Welcome to the comprehensive documentation for the Flight Price Prediction project! This guide takes you on a journey from the project's inception to its final deployment, detailing every step with in-depth explanations, code breakdowns, and insights into the development process. Designed for a technical audience, this documentation covers setup instructions, code explanations, and the reasoning behind design choices, ensuring you can understand, replicate, or extend the project with ease.


Introduction to the Project

The Flight Price Prediction project is a web-based application that leverages machine learning to predict flight fares based on user-provided inputs. Let’s start by understanding its purpose, goals, and key components.

Purpose

The application aims to estimate flight prices using historical data and real-time inputs such as departure and arrival details, airline, source, destination, and number of stops. This tool empowers users to make informed travel decisions by providing accurate price predictions.

Goals

  • Deliver reliable flight price estimates to users.
  • Create an intuitive web interface for seamless interaction.
  • Demonstrate a full machine learning pipeline, from data preprocessing to model deployment.

Key Components

  • Data Preprocessing: Cleaning and transforming raw flight data for model training.
  • Model Training: Building a machine learning model to predict prices.
  • Real-Time Data Fetching: Integrating live flight data via an API.
  • Web Interface: A Flask-based application for user interaction and predictions.

Project Structure

Before diving into the code, let’s explore how the project is organized. Understanding the structure helps you navigate the codebase efficiently.

  • app.py: The core Flask application that serves the web interface and handles predictions.
  • data_preprocessing.py: A script to clean and preprocess the historical dataset.
  • fetch_flights.py: A script to fetch real-time flight data from the Skyscanner API.
  • templates/: Directory for HTML templates.
    • index.html: The homepage with project overview and metrics.
    • predict.html: The prediction page with a user input form and results.
  • static/: Directory for static assets.
    • style.css: Stylesheet for the homepage.
    • enhanced.css: Stylesheet for the prediction page.
    • logo.jpg: Favicon for the web app.
  • flight.pkl: The pre-trained machine learning model.
  • processed_train_data.csv: The cleaned dataset ready for model training.
  • fetch_flights.log: Log file for API requests and responses.
  • archive/: Directory containing the raw dataset (Data_Train.xlsx).

This structure separates concerns—data processing, model logic, and presentation—making the project modular and maintainable.


Setup Instructions

To embark on this journey, you’ll need to set up the project locally.

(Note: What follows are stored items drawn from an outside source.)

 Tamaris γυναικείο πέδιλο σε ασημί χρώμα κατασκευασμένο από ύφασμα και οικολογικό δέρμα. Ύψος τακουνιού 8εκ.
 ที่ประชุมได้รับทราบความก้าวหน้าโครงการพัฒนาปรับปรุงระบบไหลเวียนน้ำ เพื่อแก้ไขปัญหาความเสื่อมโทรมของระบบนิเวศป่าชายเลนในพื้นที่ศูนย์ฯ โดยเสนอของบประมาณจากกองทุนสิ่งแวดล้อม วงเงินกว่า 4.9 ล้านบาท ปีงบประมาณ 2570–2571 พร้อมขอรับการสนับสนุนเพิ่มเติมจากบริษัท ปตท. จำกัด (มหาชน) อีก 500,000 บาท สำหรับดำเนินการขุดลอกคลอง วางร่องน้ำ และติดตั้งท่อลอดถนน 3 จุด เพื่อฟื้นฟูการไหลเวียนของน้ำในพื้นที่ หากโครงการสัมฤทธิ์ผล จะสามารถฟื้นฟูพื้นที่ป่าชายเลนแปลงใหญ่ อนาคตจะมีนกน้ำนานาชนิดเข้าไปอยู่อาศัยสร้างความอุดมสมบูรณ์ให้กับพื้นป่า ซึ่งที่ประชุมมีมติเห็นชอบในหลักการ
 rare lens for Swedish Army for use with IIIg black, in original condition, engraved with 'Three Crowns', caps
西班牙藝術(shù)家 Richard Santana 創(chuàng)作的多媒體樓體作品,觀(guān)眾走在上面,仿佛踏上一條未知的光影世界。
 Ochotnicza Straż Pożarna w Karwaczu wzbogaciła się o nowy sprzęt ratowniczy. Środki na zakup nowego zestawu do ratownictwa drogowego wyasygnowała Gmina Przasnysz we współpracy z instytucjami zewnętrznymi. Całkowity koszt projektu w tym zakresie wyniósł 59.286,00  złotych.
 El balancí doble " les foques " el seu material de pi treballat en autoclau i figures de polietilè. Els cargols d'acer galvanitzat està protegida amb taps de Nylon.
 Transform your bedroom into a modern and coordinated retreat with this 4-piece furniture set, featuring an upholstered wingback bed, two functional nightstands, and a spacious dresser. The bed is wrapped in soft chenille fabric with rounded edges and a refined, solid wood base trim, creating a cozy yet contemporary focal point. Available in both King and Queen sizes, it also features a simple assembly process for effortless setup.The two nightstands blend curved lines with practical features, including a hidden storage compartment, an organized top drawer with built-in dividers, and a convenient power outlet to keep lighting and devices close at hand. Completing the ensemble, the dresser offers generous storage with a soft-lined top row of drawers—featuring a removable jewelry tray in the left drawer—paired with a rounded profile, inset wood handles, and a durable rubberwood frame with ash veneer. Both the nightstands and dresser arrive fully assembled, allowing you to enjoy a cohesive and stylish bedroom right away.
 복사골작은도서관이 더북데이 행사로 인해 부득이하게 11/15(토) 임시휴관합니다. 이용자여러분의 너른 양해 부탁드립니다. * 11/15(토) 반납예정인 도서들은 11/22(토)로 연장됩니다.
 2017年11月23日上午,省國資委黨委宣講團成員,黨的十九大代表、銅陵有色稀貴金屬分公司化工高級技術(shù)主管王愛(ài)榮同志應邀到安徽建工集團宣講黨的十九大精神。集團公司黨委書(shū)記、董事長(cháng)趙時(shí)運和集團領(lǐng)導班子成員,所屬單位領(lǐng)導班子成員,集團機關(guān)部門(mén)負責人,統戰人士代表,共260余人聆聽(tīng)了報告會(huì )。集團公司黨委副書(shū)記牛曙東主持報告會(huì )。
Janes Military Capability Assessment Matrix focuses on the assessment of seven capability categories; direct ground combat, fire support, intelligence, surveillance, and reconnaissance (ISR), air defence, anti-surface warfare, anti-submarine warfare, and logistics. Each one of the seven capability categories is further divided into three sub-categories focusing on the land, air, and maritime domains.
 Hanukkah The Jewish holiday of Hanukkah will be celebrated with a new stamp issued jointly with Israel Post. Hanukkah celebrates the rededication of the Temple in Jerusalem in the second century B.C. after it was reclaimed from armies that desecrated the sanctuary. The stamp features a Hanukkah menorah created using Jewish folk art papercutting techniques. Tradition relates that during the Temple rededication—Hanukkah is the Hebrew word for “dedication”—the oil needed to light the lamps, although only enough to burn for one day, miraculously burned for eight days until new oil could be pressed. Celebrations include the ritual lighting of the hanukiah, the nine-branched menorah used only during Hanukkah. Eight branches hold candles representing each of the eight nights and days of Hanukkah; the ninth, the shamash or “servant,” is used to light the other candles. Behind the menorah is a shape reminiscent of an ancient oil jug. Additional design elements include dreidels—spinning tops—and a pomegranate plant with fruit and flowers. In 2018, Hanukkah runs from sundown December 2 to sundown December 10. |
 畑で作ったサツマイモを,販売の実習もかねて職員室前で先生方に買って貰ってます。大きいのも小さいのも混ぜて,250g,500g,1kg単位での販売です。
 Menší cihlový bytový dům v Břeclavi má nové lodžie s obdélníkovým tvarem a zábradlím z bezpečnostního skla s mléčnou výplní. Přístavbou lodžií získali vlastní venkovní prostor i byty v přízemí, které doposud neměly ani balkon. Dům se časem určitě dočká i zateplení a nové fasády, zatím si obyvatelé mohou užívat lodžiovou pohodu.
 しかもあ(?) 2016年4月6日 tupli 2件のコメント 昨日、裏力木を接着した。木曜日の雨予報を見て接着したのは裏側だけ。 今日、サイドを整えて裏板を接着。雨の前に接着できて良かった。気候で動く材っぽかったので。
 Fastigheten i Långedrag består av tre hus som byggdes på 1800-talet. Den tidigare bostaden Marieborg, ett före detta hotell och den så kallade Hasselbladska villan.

Follow these steps to get started.

Step 1: Clone the Repository

Clone the project from GitHub and navigate into the directory:

git clone https://github.com/yourusername/flight-price-prediction.git
cd flight-price-prediction

Step 2: Install Dependencies

Install the required Python libraries using pip:

pip install flask pandas numpy scikit-learn matplotlib requests python-dotenv

These libraries power the web framework (Flask), data handling (pandas, NumPy), machine learning (scikit-learn), visualizations (matplotlib), API requests (requests), and environment variables (python-dotenv).

Step 3: Prepare the Dataset

  • Place the raw dataset Data_Train.xlsx in the archive/ folder.
  • Run the preprocessing script to generate the cleaned dataset:
    python data_preprocessing.py
    This creates processed_train_data.csv, which we’ll use later.

Step 4: Set Up API Key (Optional)

To fetch real-time data, sign up for a RapidAPI key for the Skyscanner API. Create a .env file in the root directory with:

RAPIDAPI_KEY=your_api_key_here

Step 5: Run the Application

Launch the Flask app:

python app.py

Open your browser and visit http://127.0.0.1:5000/ to see the app in action.


Data Preprocessing (data_preprocessing.py)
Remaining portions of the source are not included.